━━━ Available data ━━━

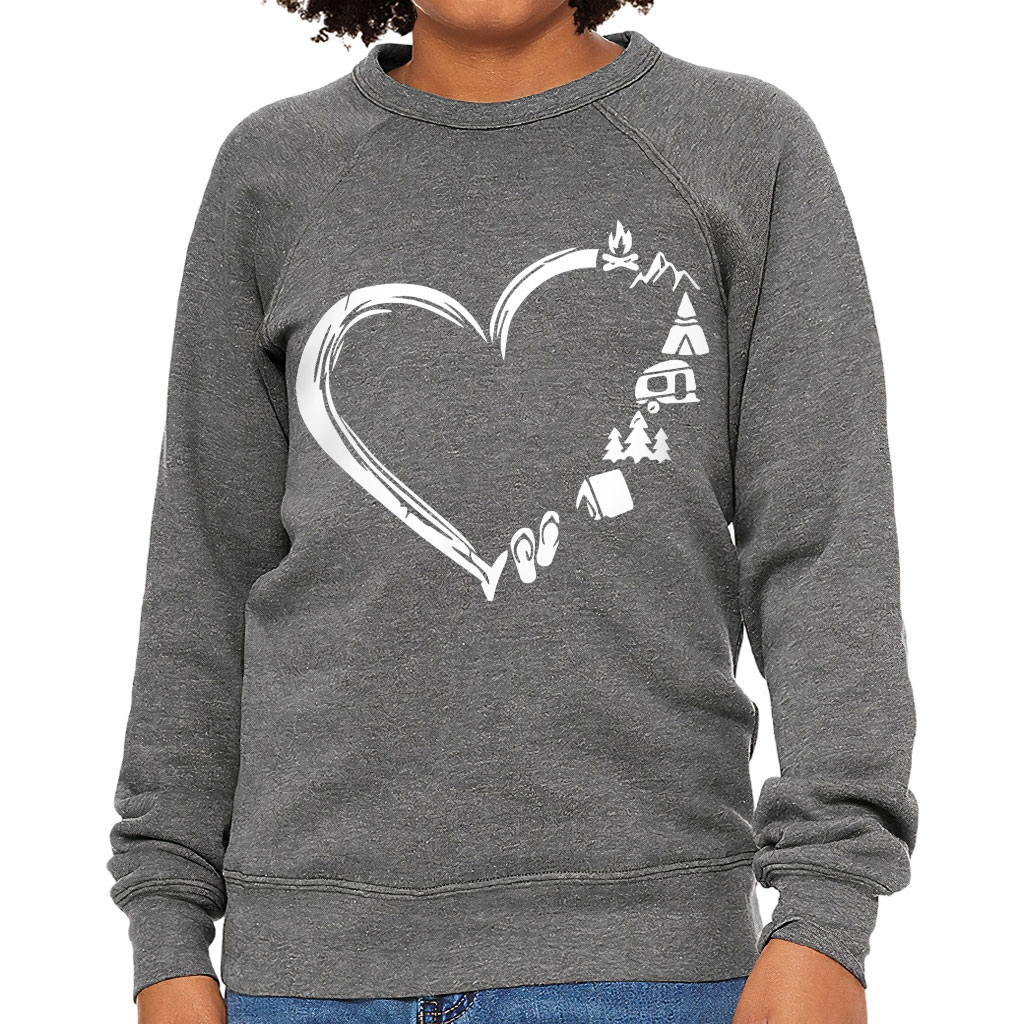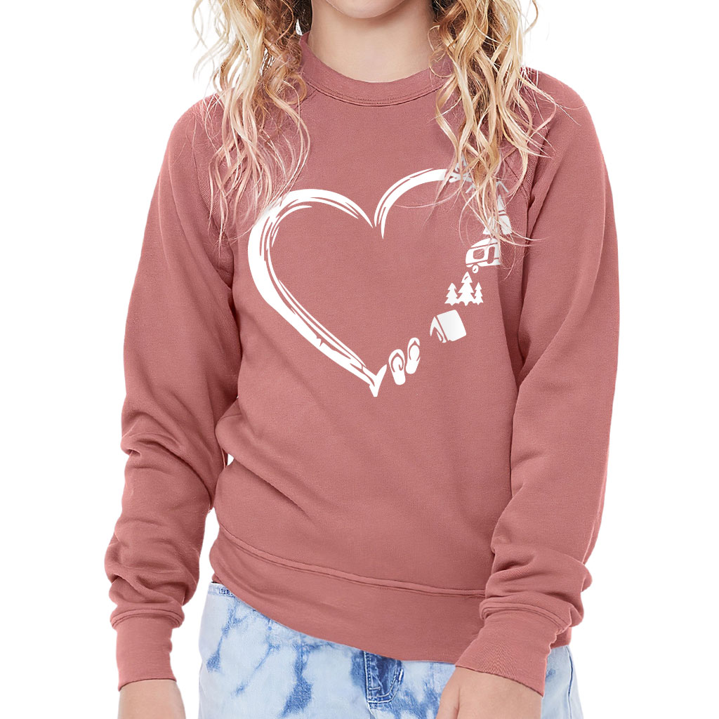 This remarkably soft pullover crewneck sweatshirt lends itself to daily wear and year-round layering. Camping Heart Kids’ Raglan Sweatshirt features ribbed cuffs and a waistband, a crew neck, and a fashion-forward fleece fabrication.
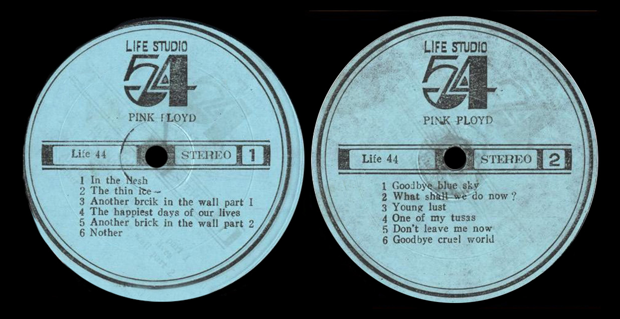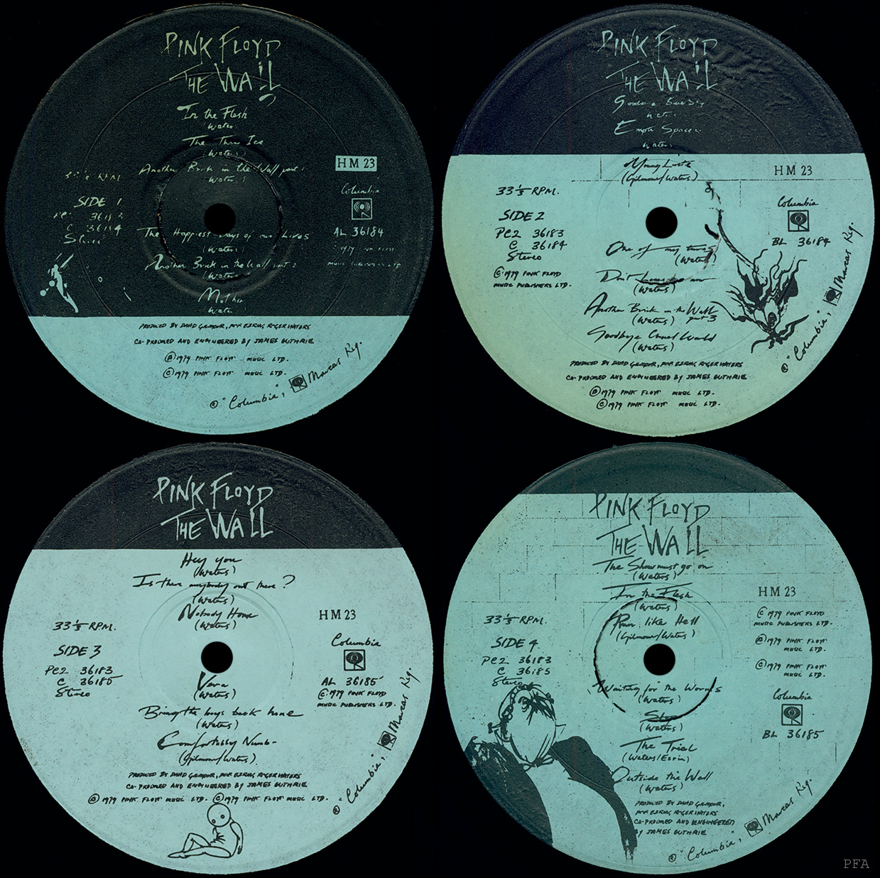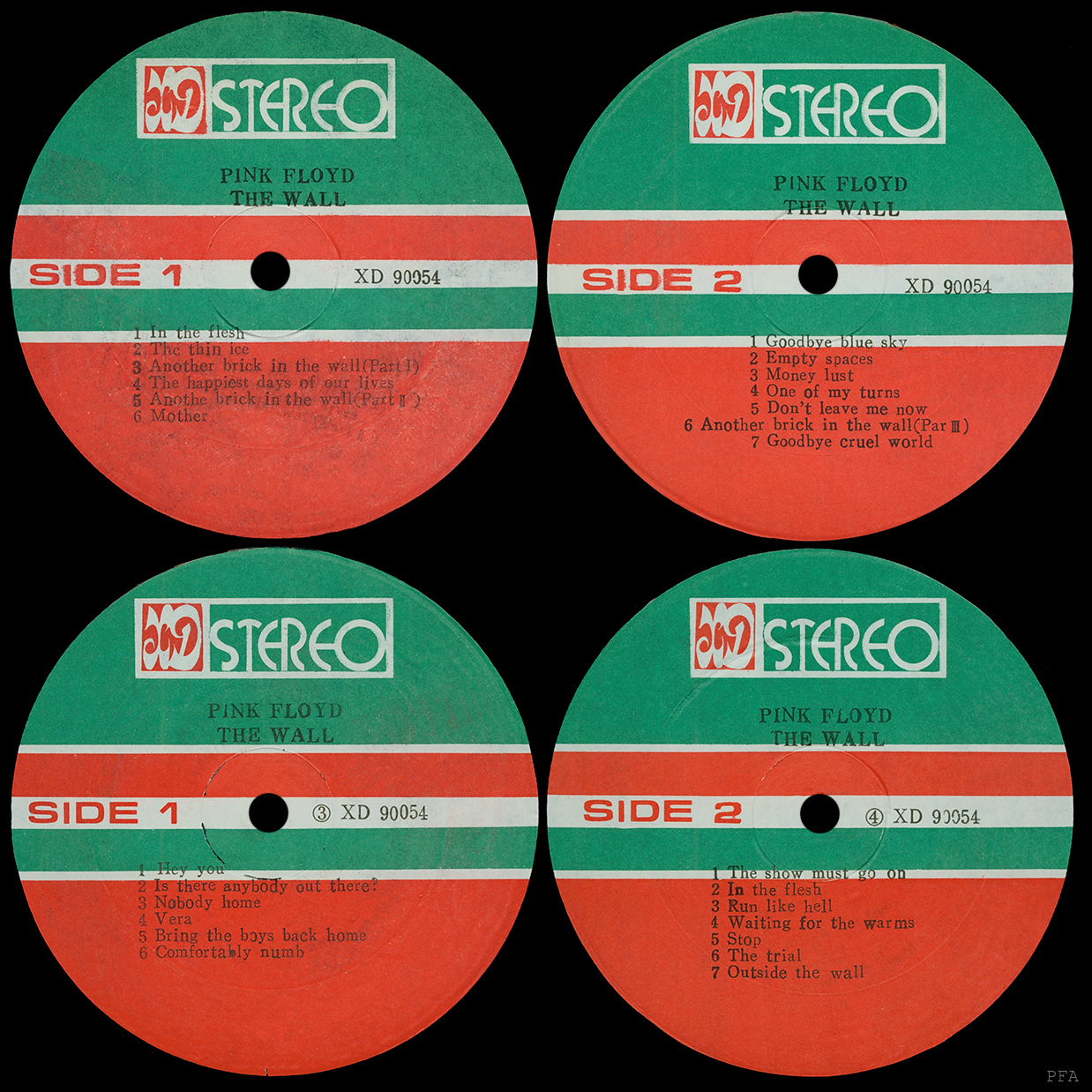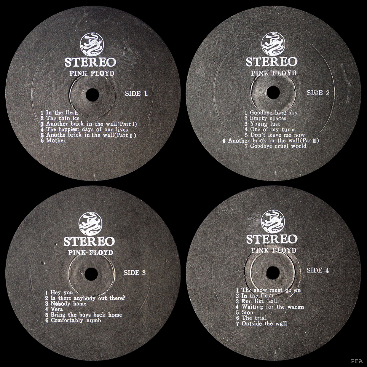 Release Information: Label #1 lists the songs: Anothe Brick In The Wall (Part II), Money Lust, Another Brick In the Wall (Par III), and Waiting For The Warms.
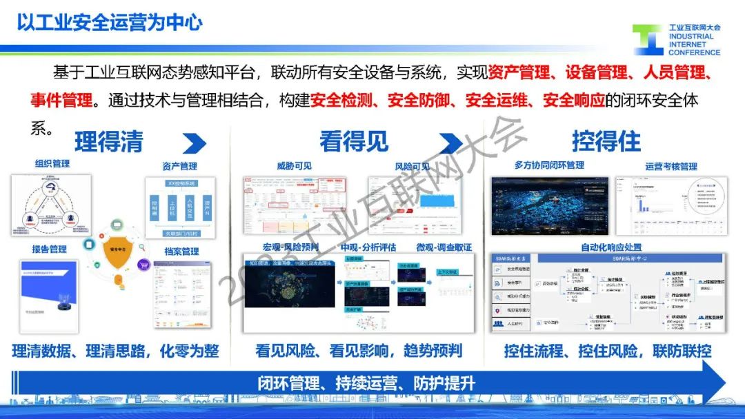 “基于工業(yè)互聯(lián)網(wǎng)態(tài)勢(shì)感知平臺(tái),聯(lián)動(dòng)所有安全設(shè)備與系統(tǒng),實(shí)現(xiàn)資產(chǎn)管理、設(shè)備管理、人員管理、事件管理。通過(guò)技術(shù)與管理相結(jié)合,構(gòu)建安全檢測(cè)、安全防御、安全運(yùn)維、安全響應(yīng)的閉環(huán)安全體系。”
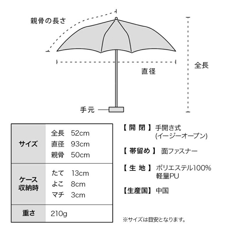 - 產品尺寸(約): 全長52cm、直徑93cm、親骨50cm
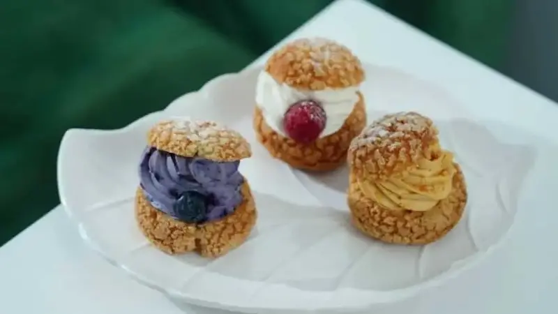 Choux rings offer a more decorative and festive shape that is ideal for a formal tea or a holiday dessert table. Add a teaspoon of blue poppy seeds to your choux dough before piping it into neat, concentric circles. Air fry these at 180 degrees Celsius for eighteen minutes, ensuring they are completely dry inside before removing them from the heat. Slice each ring in half horizontally and fill the bottom section with a sharp, homemade lemon curd made from fresh citrus and eggs. Top the curd with a layer of stiffly whipped cream before replacing the top half of the ring. The poppy seeds provide a subtle, earthy crunch that complements the zesty filling, making this a refreshing and elegant choice for a spring afternoon.
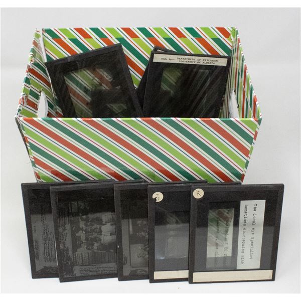 BOX OF ANTIQUE GLASS PICTURES SLIDES
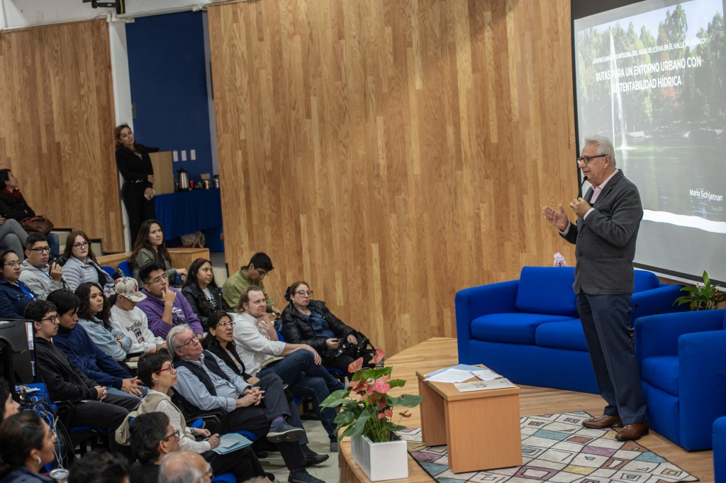 En la primera sesión, el arquitecto Mario Schjetnan Garduño estableció en su conferencia magistral la posibilidad de recuperar los espacios urbanos con diseños arquitectónicos que tengan como aliado el manejo del agua fluvial de forma integral a partir de una visión que priorice los valores, las necesidades sociales, ambientales y urbanas de las comunidades.
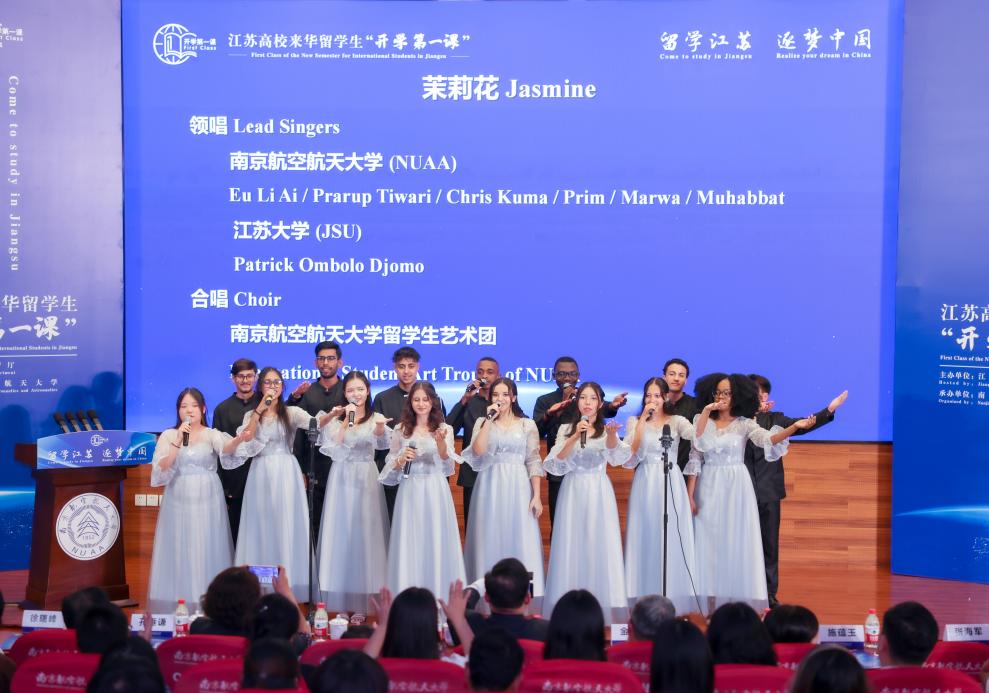活动尾声,我校外国留学生艺术团和江苏大学留学生代表共同献唱江苏经典民歌《茉莉花》,“开学第一课”圆满收官。
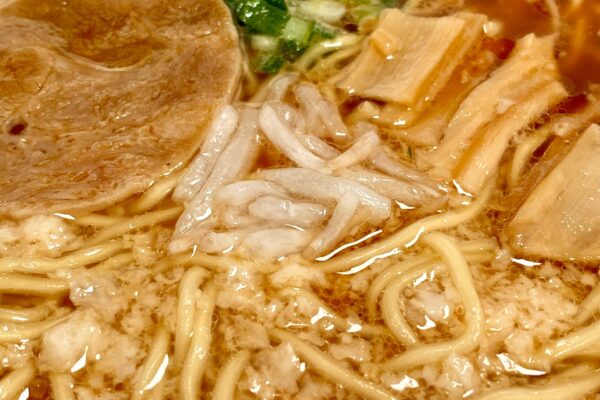 たまたま数日前に別件で実食した「凄麺 京都背脂醤油味」と酷似した組織だったので、それと同じノンフライ麺を流用している可能性大。そのため前述の販売価格を思うと‥‥みたいな部分はありますけど、けっしてクオリティが低いわけではなく、上品かつ芳醇に整った小麦感も含め、後述するスープとの相性に問題を感じることもありませんでした。
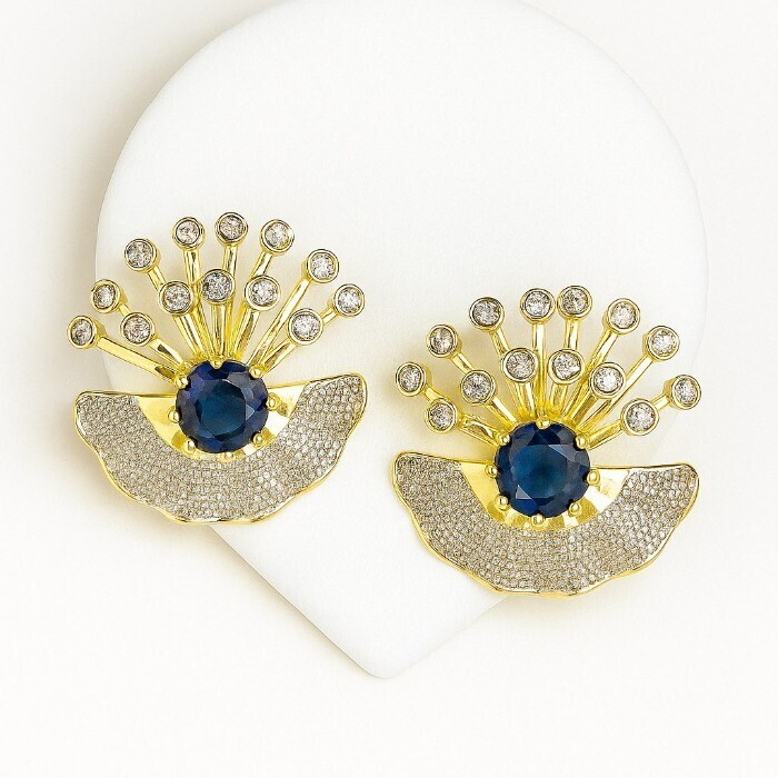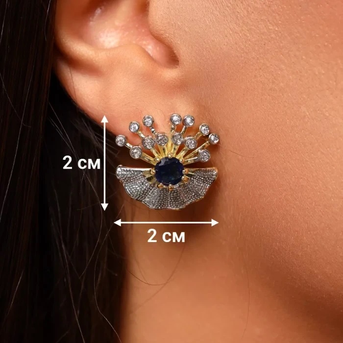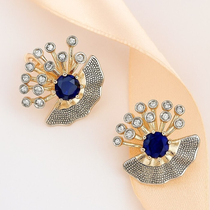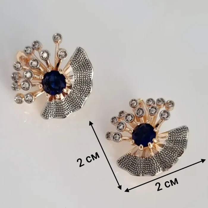 Серьги ювелирная бижутерия Итальянское золото (покрытие желтое 14к), вставка: фианиты, цвет: синий и прозрачный, арт.313.369 2 фото
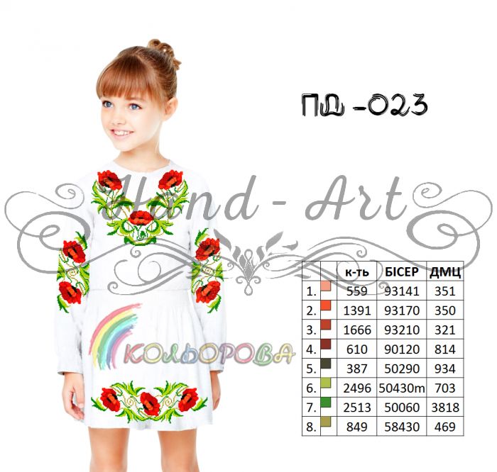 Заготовка під вишивку плаття дитячого з рукавами для дівчинки віком від 5 до 10 років.Плаття не пошите. Заготовка для вишивки бісером або нитками складається з чотирьох відрізів тканини з запасом.Розміри матеріалу: два рукава (40см.*60см.)+/- 2см. та основа (60см.*100см.)+/- 2см. Під вишивку бісером рекомендуємо підклеїти флізелін (додається в комплекті). Під вишивку нитками флізелін підклеювати не обов'язково! На чорній тканині малюнок не наноситься. В даному випадку малюнок друкується на водорозчинному флізеліні, який входить в комплект. Дану заготовку Ви можете пошити за своїми розмірами та фасоном. Заготовки для вишиванок можемо виконувати на домотканій тканині (білій і кольоровій) та габардині (білому і кольоровому). Зверніть увагу!! На натуральній тканині малюнок не такий чіткий як на габардині! При пранні малюнок не зникає. Дану модель за побажанням можемо комплектувати бісером Preciosa, рубкою Preciosa або нитками муліне DMC.
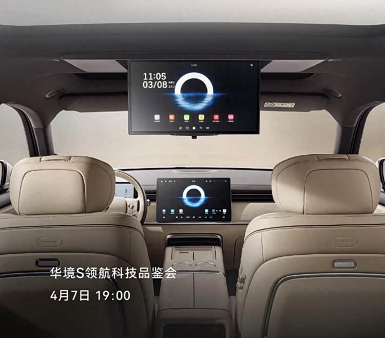 重点关注本次发布的内饰官图。结合最新发布的官图来看,华境S以实用与舒适为核心,采用环抱式座舱布局,大面积采用软质材料包裹,搭配精致饰条与64色氛围灯,营造出温馨豪华的驾乘氛围。核心亮点是后排位置具有吸顶娱乐屏、二排小桌板和后排空调出风口等配置,吸顶娱乐屏支持4K播放,二排小桌板可满足办公、放置小物件等需求,后排空调出风口可独立调节温度,全方位提升后排驾乘体验。配置全系标配华为乾崑ADS Pro智能驾驶系统和鸿蒙座舱,实现高阶智能体验的平权普惠。

━━━

**Work instructions**
Copy needed, without pictures: the lines of the listing above from the line containing "BOX OF ANTIQUE GLASS PICTURES SLIDES" up to and including the line containing "活动尾声,我校外国留学生艺术", set down exactly.

**Answer area**
 BOX OF ANTIQUE GLASS PICTURES SLIDES
 En la primera sesión, el arquitecto Mario Schjetnan Garduño estableció en su conferencia magistral la posibilidad de recuperar los espacios urbanos con diseños arquitectónicos que tengan como aliado el manejo del agua fluvial de forma integral a partir de una visión que priorice los valores, las necesidades sociales, ambientales y urbanas de las comunidades.
活动尾声,我校外国留学生艺术团和江苏大学留学生代表共同献唱江苏经典民歌《茉莉花》,“开学第一课”圆满收官。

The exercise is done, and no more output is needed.